**Directions for this task**. Exact copies of the lines below, from the one with "縣政府辦公室主任秦永斌宣讀《" up to and including the one with "M12 Connecteur femelle, Contacts: 4, non", are what this calls for; leave out pictures.

**Records provided**.

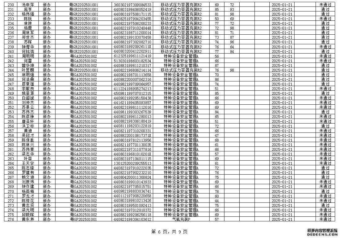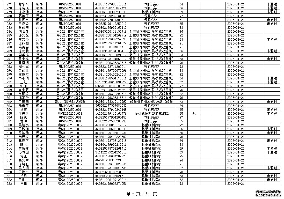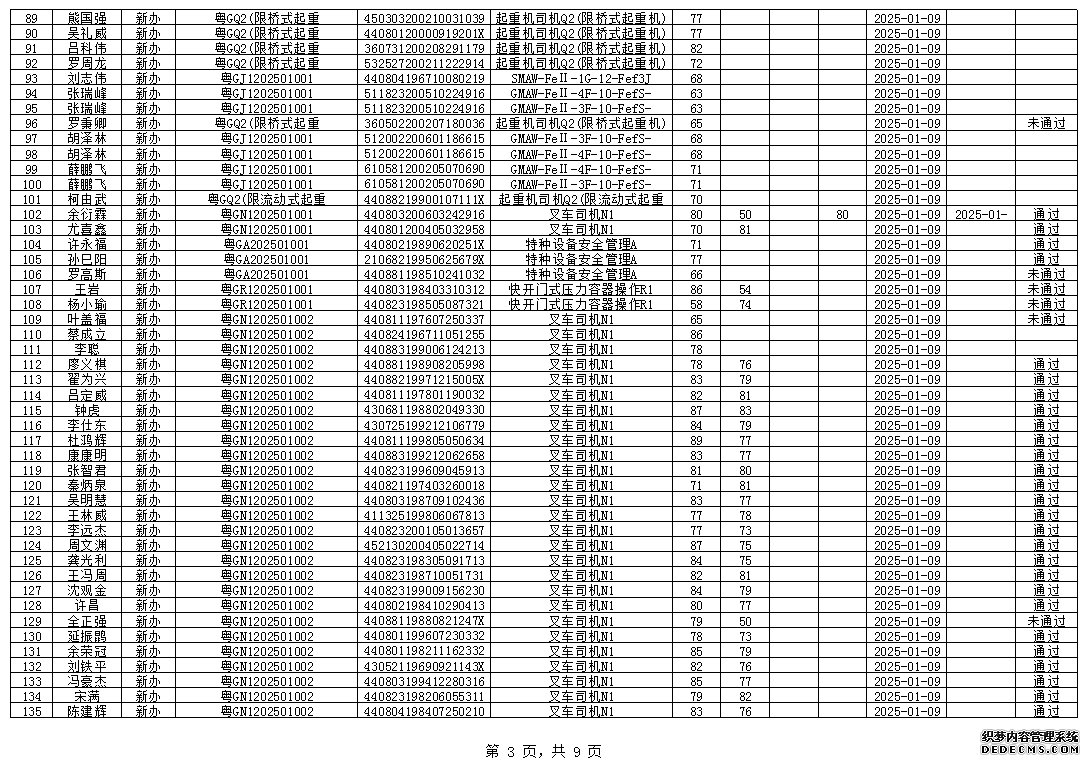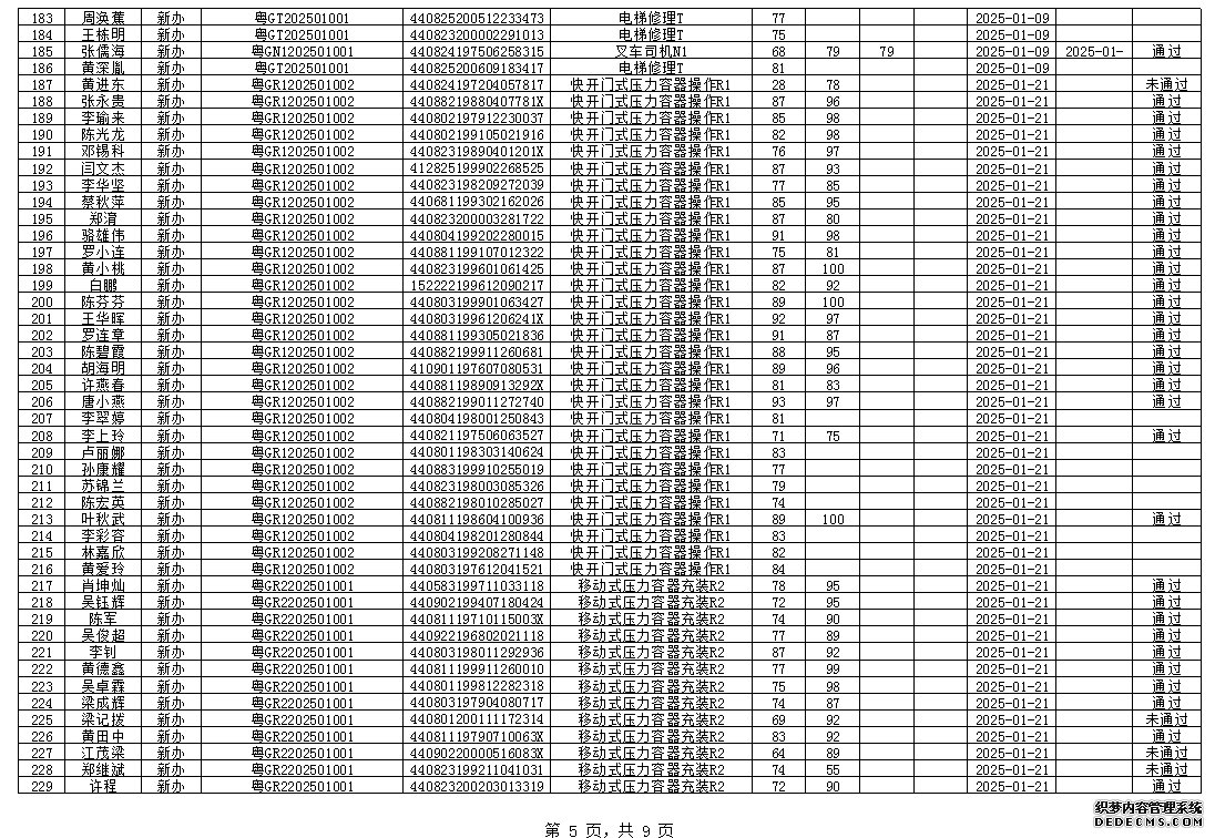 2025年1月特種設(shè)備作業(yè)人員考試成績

==

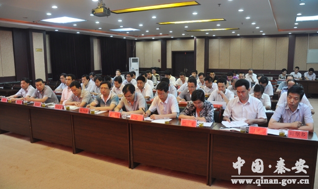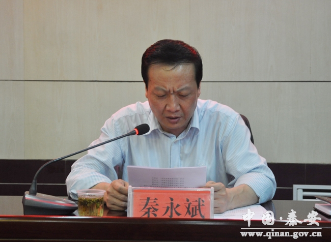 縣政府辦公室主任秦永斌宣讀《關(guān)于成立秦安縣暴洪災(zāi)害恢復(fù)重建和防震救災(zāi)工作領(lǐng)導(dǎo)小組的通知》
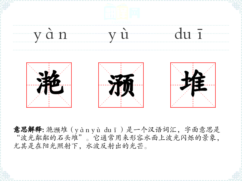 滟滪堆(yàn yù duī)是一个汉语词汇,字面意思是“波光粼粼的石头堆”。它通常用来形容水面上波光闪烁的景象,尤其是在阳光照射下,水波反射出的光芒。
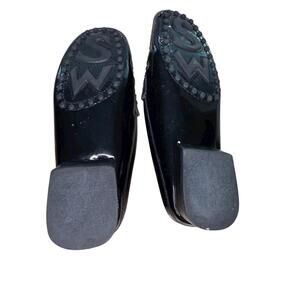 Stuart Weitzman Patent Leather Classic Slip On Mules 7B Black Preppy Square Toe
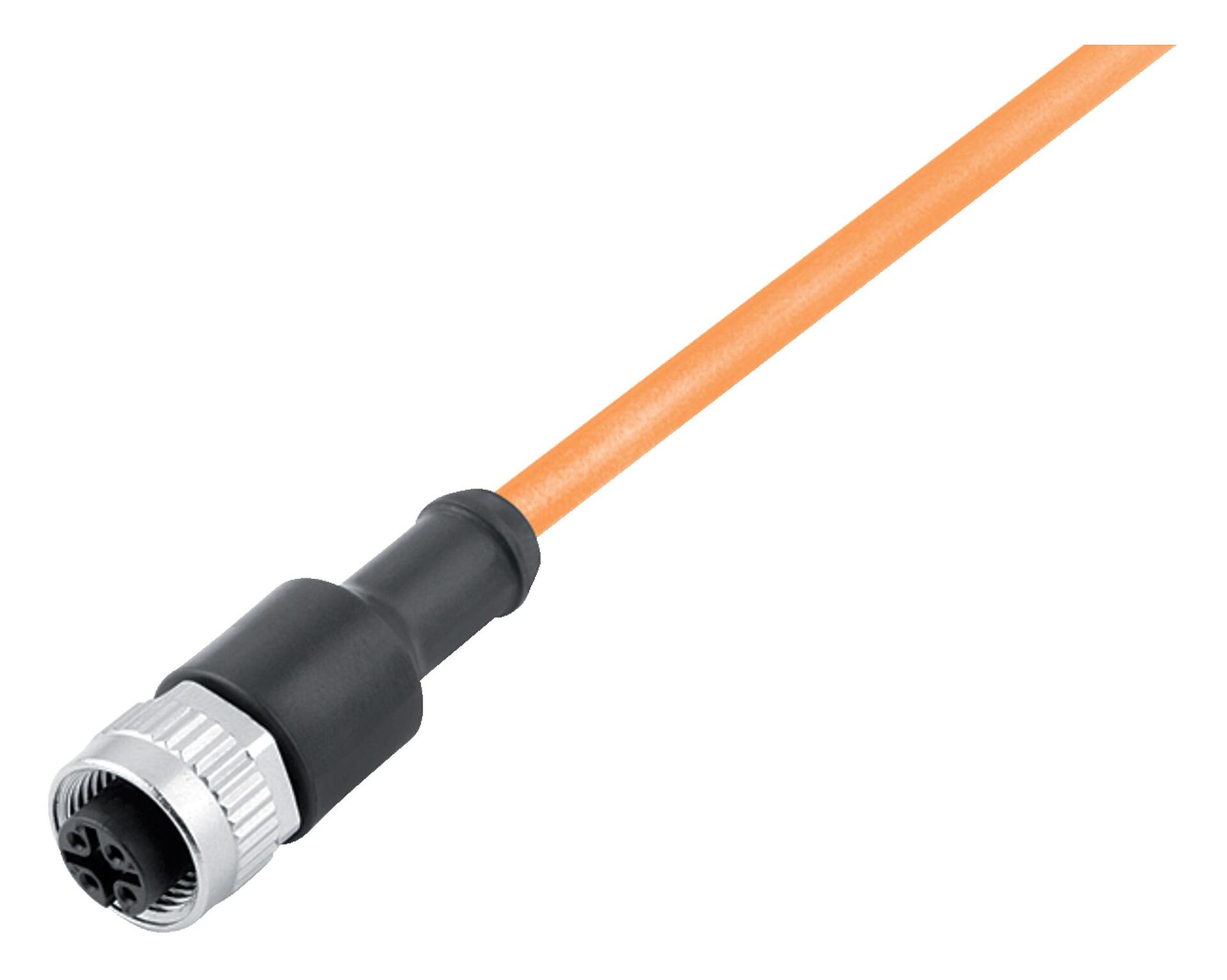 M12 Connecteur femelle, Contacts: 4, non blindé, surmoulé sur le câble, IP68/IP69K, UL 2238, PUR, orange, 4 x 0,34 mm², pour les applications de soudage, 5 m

**Response**.
 縣政府辦公室主任秦永斌宣讀《關(guān)于成立秦安縣暴洪災(zāi)害恢復(fù)重建和防震救災(zāi)工作領(lǐng)導(dǎo)小組的通知》
 滟滪堆(yàn yù duī)是一个汉语词汇,字面意思是“波光粼粼的石头堆”。它通常用来形容水面上波光闪烁的景象,尤其是在阳光照射下,水波反射出的光芒。
 Stuart Weitzman Patent Leather Classic Slip On Mules 7B Black Preppy Square Toe
 M12 Connecteur femelle, Contacts: 4, non blindé, surmoulé sur le câble, IP68/IP69K, UL 2238, PUR, orange, 4 x 0,34 mm², pour les applications de soudage, 5 m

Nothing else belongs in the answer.